How to complete this task: Reproduce precisely the lines of the listing below, starting with the line that contains "Property Address: Flat" and stopping after the line that contains "1月23日,在浙江省丽水市青田县方山乡举行的2025浙江侨乡中国年活动上,外国友人现场写福字。新华社记者 江汉 摄"; include nothing else.

Input material:
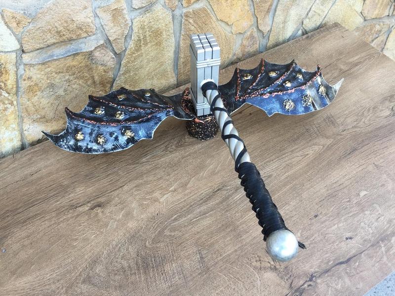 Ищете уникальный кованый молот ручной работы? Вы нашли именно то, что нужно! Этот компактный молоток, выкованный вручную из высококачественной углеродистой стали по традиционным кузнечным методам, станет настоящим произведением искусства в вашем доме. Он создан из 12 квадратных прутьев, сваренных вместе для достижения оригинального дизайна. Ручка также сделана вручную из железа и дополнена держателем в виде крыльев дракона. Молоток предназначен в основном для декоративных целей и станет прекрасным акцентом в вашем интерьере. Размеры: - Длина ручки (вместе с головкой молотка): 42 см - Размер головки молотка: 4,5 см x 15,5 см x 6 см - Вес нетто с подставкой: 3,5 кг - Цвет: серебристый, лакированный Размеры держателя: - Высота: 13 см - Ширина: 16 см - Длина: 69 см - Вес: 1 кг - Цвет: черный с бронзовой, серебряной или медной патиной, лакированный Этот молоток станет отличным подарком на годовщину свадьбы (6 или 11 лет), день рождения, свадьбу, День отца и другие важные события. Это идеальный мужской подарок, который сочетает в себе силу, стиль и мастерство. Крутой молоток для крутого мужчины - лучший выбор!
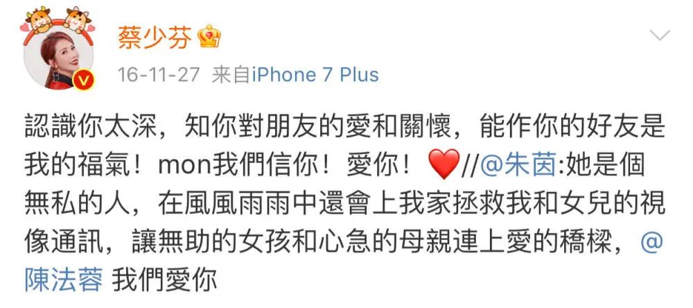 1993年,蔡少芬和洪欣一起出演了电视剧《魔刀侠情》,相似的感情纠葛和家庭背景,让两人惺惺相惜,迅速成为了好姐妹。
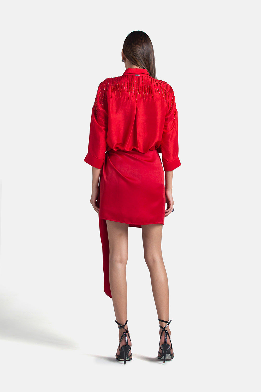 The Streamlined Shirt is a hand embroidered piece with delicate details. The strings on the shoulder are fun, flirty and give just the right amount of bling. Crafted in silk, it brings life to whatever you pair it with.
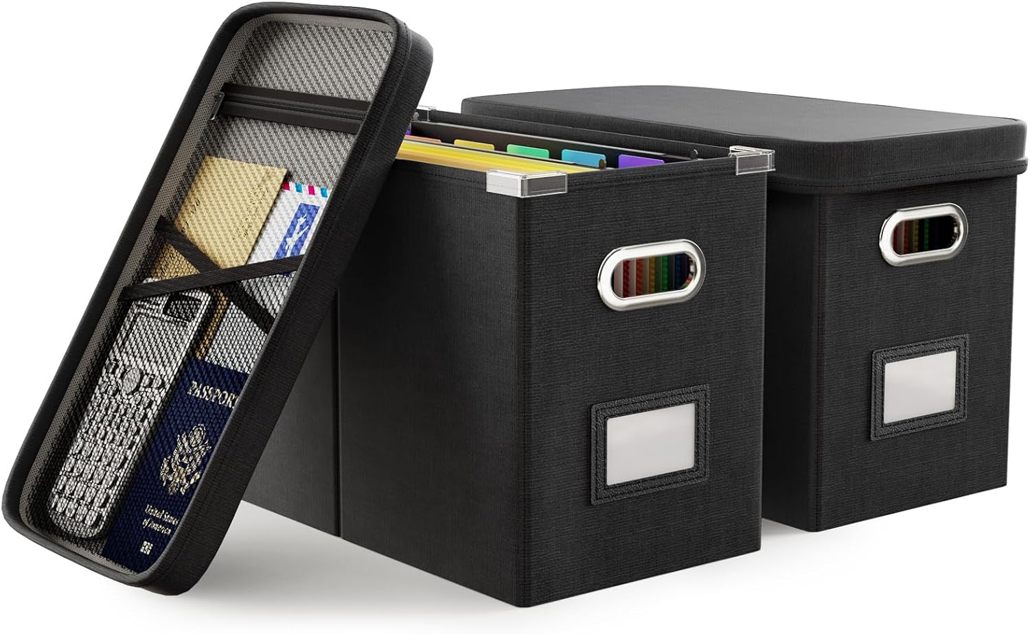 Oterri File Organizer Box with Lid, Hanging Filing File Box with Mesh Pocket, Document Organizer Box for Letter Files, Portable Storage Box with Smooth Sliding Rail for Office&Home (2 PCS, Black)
...
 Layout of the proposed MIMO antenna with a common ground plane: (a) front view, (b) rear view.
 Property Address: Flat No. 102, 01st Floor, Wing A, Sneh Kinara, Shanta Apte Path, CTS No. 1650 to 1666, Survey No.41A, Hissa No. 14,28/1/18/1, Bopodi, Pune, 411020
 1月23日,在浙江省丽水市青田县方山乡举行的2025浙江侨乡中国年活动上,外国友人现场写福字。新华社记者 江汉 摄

Reply to the task:
 Property Address: Flat No. 102, 01st Floor, Wing A, Sneh Kinara, Shanta Apte Path, CTS No. 1650 to 1666, Survey No.41A, Hissa No. 14,28/1/18/1, Bopodi, Pune, 411020
 1月23日,在浙江省丽水市青田县方山乡举行的2025浙江侨乡中国年活动上,外国友人现场写福字。新华社记者 江汉 摄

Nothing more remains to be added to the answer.